Of particular interest to me in this article, was the relation of a “scopophilic” gaze. Flaubert keeps drawing a wider net, according to Karayanni. This is true for all Imperialists seeking to “understand” landscape in a grander sense, and by attaching what he knows to a “larger context” (such as antiquity and the “knowledge” of the “West”), the Imperialist dominates and “knows” the subject more than the subject knows itself. Intellectual “Context,” having the resources and ambition to put “the Orient” into a wider or Western context becam a form of domination. Interesting.

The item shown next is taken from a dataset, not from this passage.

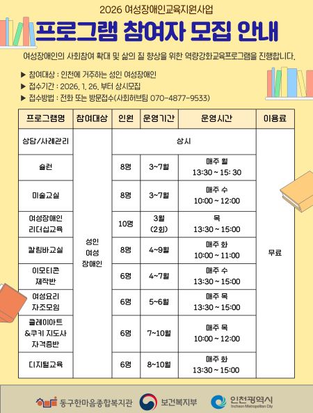 µ¿±¸ÇѸ¶À½Á¾ÇÕº¹Áö°ü¿¡¼ ¿î¿µÇÏ´Â ¿©¼ºÀå¾ÖÀα³À°Áö¿ø»ç¾÷Àº ÀÎõ¿¡ °ÅÁÖÇÏ´Â ¼ºÀÎ ¿©¼ºÀå¾ÖÀÎÀ̶ó¸é ´©±¸³ª ¹«·á·Î Âü¿©ÇÒ ¼ö ÀÖ´Ù. ÀÚ¼¼ÇÑ »çÇ×Àº µ¿±¸ÇѸ¶À½Á¾ÇÕº¹Áö°ü »çȸÇãºêÆÀÀ¸·Î ¹®ÀÇÇÏ¸é µÈ´Ù.

Back to the dance aspects, Karayanni ends again with choreography. Her movements gave both men the option to be transformed by what they saw, where determined to see, as the anti-Western, native or savage side of Egyptian society. Flaubert succumbed and dismissed his emotions in a letter to Louise Colet and obsessed about Kuchuk Hanem for years. Curtis wrote that he had resisted fully succumbing to her power in order to assert his superiority. Her image remained in Flaubert’s “Salammbo,” “Herodias,” and the figure of Salome.

Great read:
Karayanni, Stavros Stavrou. “Dismissal Veiling Desire.” Ch. 4 in Belly Dance: Orientalism, Transnationalism, and Harem Fantasy. Eds., Anthony Shay and Barbara Sellers-Young. Mazda Publishers, 2005.
Also his own book:
Stavrou Karayanni, Stavros (2004), Dancing Fear & Desire: Race, Sexuality and Imperial Politics in Middle Eastern Dance, Wilfred Laurier University Press, ISBN 0889204543
Photo taken just outside of Siwa, January 2010.